Они пожали друг другу руки, как будто расстались совсем недавно, а не несколько месяцев назад. Надзиратель нерешительно потоптался на месте, затем вышел из камеры, заперев за собой дверь. Они продолжали пожимать друг другу руки, и это было красноречивее всяких слов,
— Ты приехал, — с теплым чувством сказал Гендерсон. — Ты появился. Значит, правду говорят, что старая дружба не рвется.
— Я с тобой, и будь я проклят, если они это сделают! — с жаром воскликнул Ломбар.
Первые минуты они бессвязно разговаривали о прошлом, вспоминая далекие годы, потом перешли к поездке Ломбара.
— О, эти грязные поезда! Никакого сравнения с нашими.

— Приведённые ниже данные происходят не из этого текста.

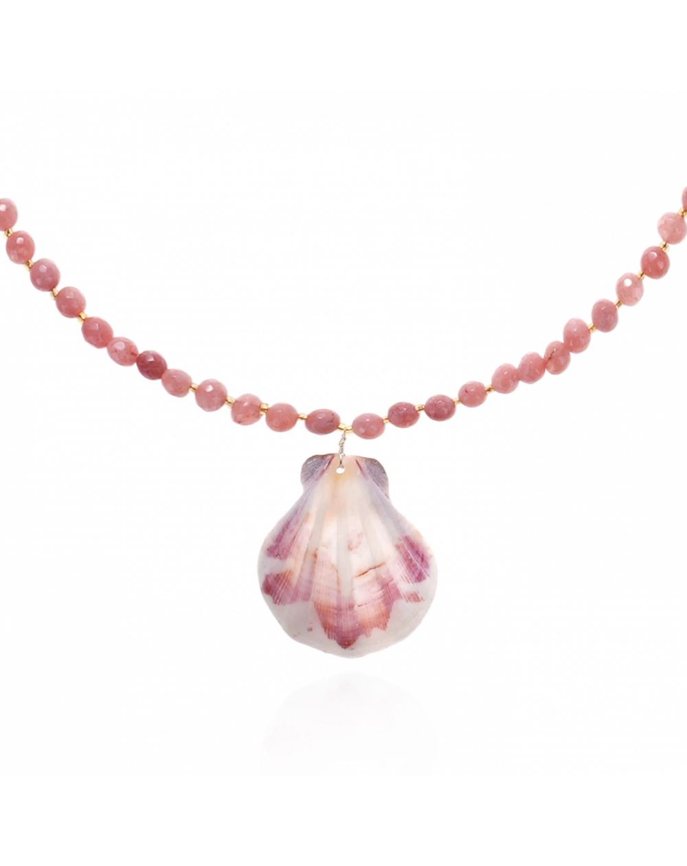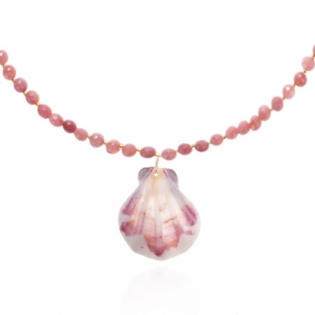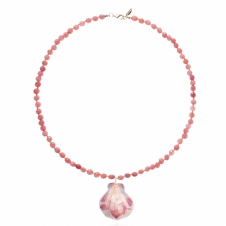 Composé de perles facettées rose poudré en quartz rose, délicatement ponctuées de perles dorées, ce collier long offre un éclat subtil et raffiné. En son centre se balance un véritable coquillage naturel de forme plate, apportant authenticité et caractère à l’ensemble.

— Но все же ты кое-что повидал, Джек.
— Повидал! К черту все это: Грязные, забытые Богом отели! А пища! А москиты! Я, как последний сопляк, согласился подписать контракт на пять лет.
— Но, я полагаю, ты должен был получать за это хорошие деньги, не так ли?
— Конечно. Но что с ними делать? Их негде тратить. Даже пиво там пахнет керосином.
— И все-таки я чувствую себя неловко, что мне пришлось оторвать тебя, — пробормотал Гендерсон.
— Но тебе нужна моя помощь, и потом, контракт продолжается, Просто это время не зачтется, вот и все.
Он помолчал немного, затем пристально посмотрел на друга.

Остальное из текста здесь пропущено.